Collectively, these findings demonstrate the crucial role of metalloproteinases in initiation of neuroinflammation—including BBB breakdown, chemokine activation with neutrophil recruitment, and pro-inflammatory cytokine production—but also in inflammation termination and subsequent repair via chemokine and cytokine inactivation and involvement in angiogenesis, neurogenesis and gliosis after damage [98,99,100,101]. Therefore, inhibition of metalloproteinase during acute inflammatory processes can lead to beneficial outcomes, whereas inhibition during repair processes might be detrimental [102, 103].

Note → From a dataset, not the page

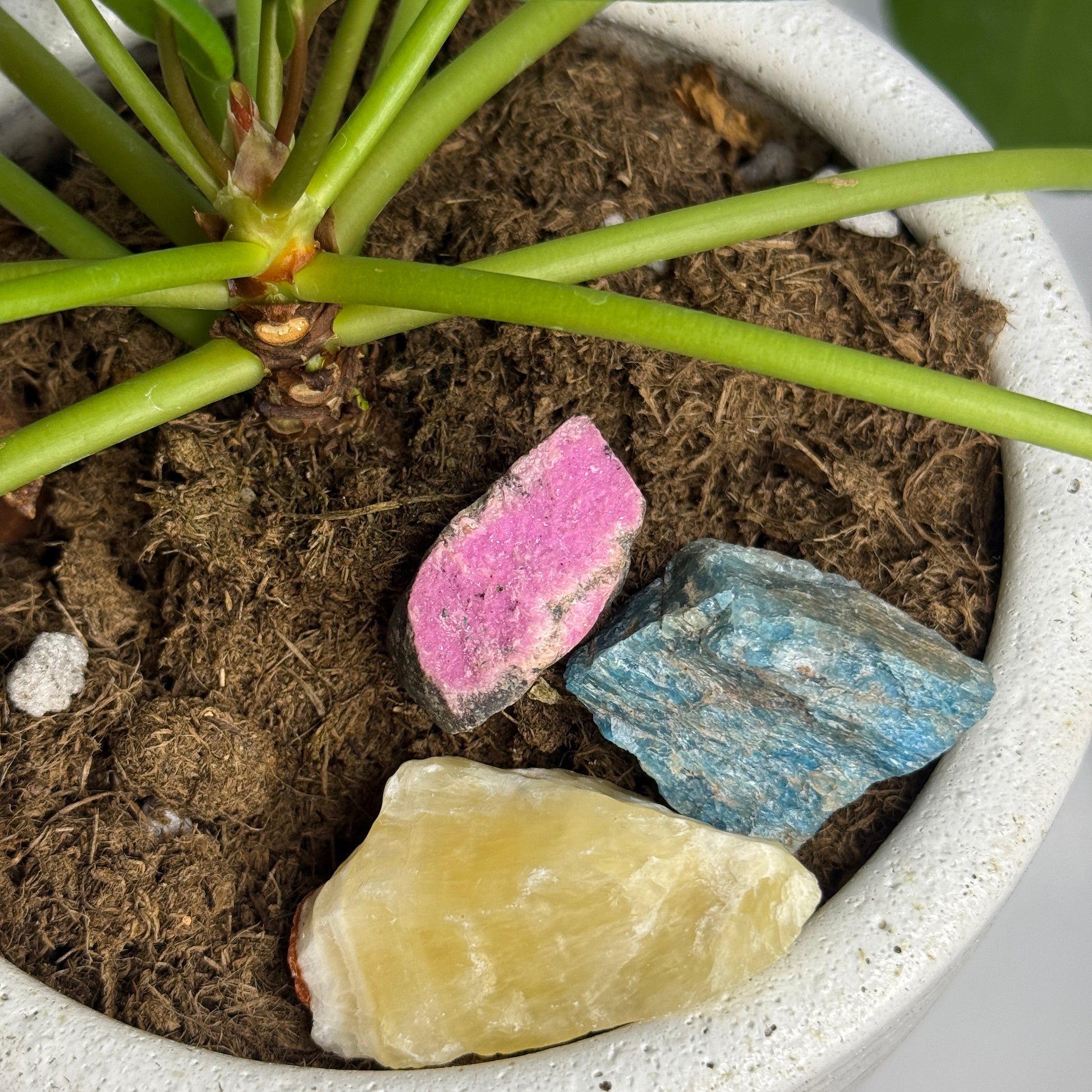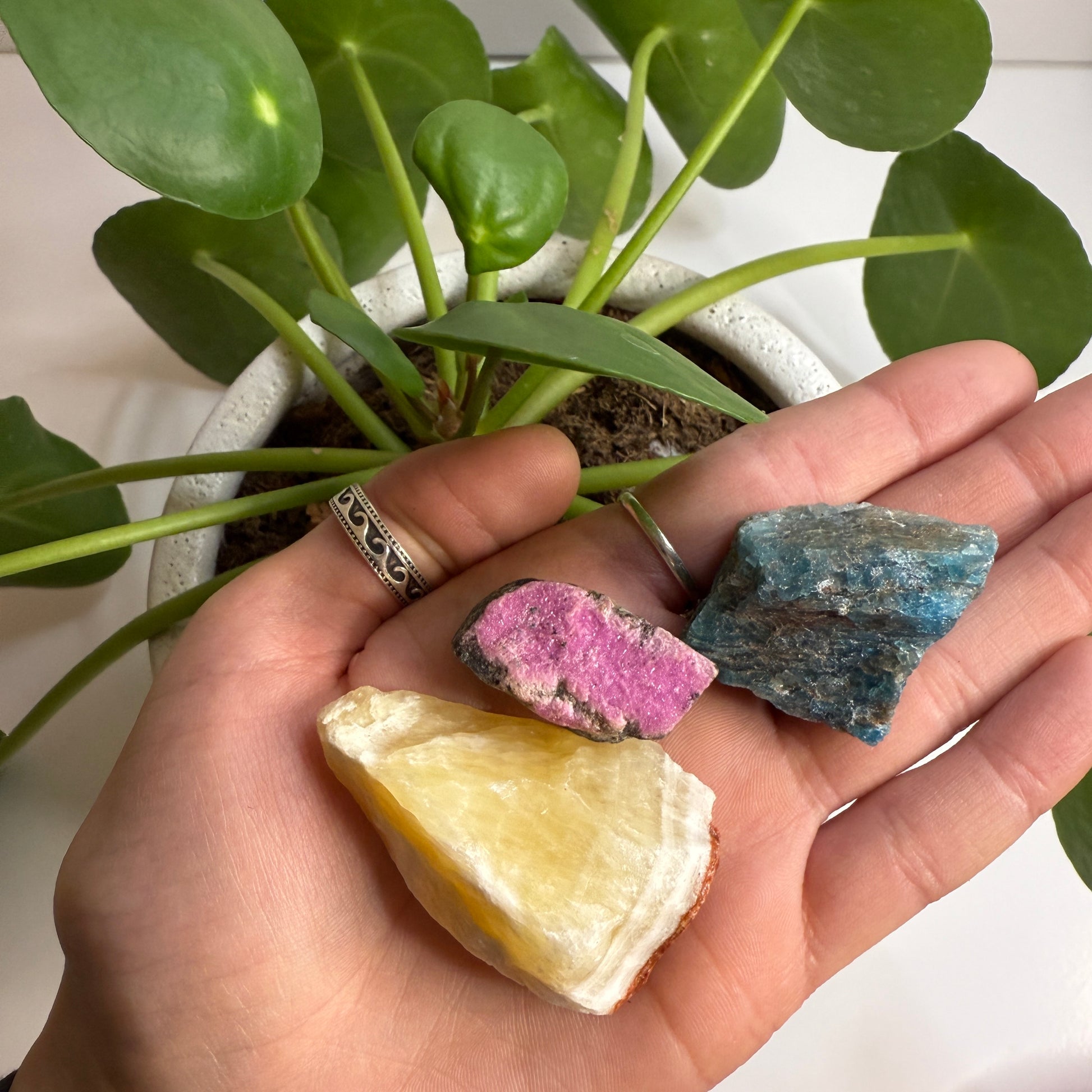 Three-Piece Raw Gemstone Set: Pineapple Calcite, Sparkling Pink Aragonite, and Blue Apatite for Energy, Emotional Balance, and Creativity
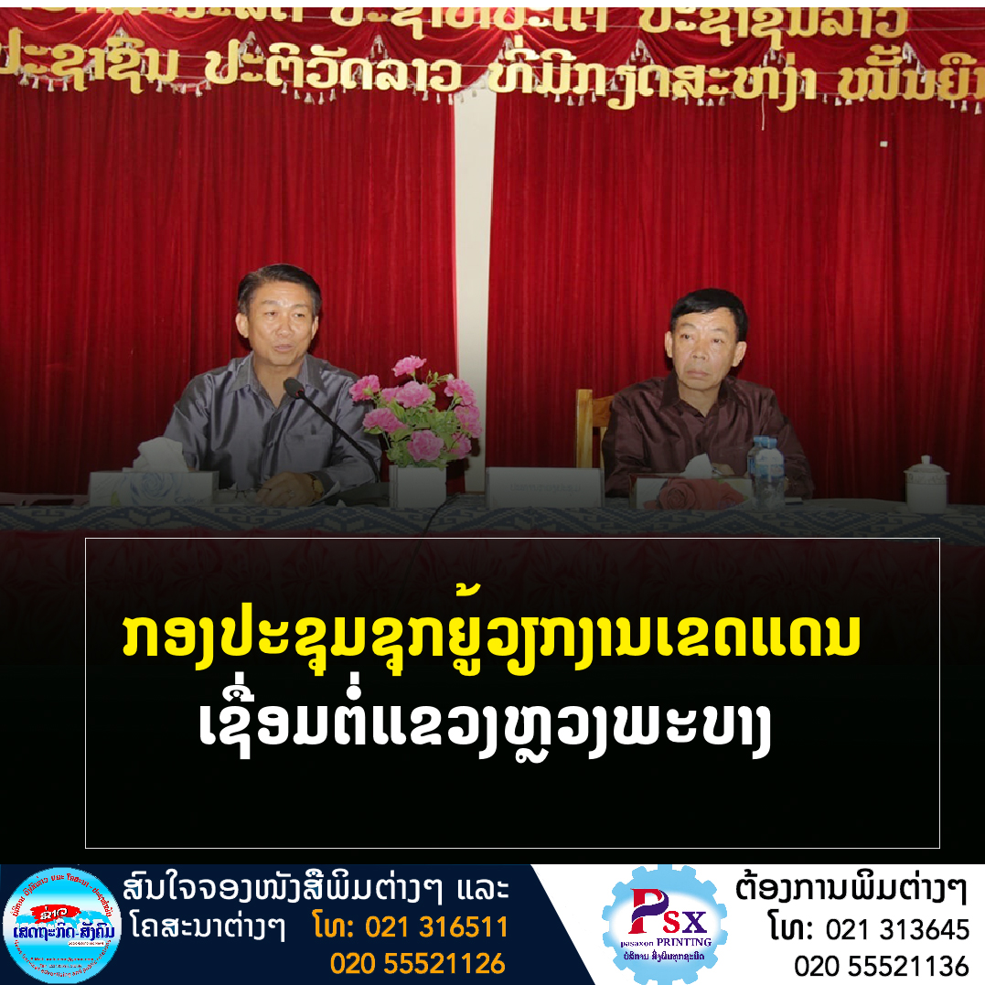 ກອງປະຊຸມຊຸກຍູ້ວຽກງານເຂດແດນເຊື່ອມຕໍ່ລະຫວ່າງກະຊວງພາຍໃນ ແລະ ແຂວງຫຼວງພະບາງ ໄດ້ຈັດຂື້ນວັນທີ 7 ມິຖຸນາ 2022 ພາຍໃຕ້ການເປັນປະທານຂອງ ທ່ານ ທອງຈັນ ມະນີໄຊ ລັດຖະມົນຕີກະຊວງພາຍໃນເຂົ້າຮ່ວມມີ ທ່ານ ບຸນເລື່ອມ ມະນີວົງ ຮອງເຈົ້າແຂວງໆຫຼວງພະບາງ

MMPs and ADAMs in infectious disease of the CNS
The brain is protected from infectious agents by specialized barriers including the skull, the meninges and the restrictive BBB, making the brain a microbiologically sterile site under physiologic conditions [104]. Subsequently, infectious disease of the CNS—such as bacterial meningitis—occur at comparatively low levels but might have detrimental consequences [105]. As described above, metalloproteinases regulate barrier functions of the BBB but also of mucosal epithelium and play multiple roles in the initiation and regulation of inflammation, thereby being essentially involved in CNS infections.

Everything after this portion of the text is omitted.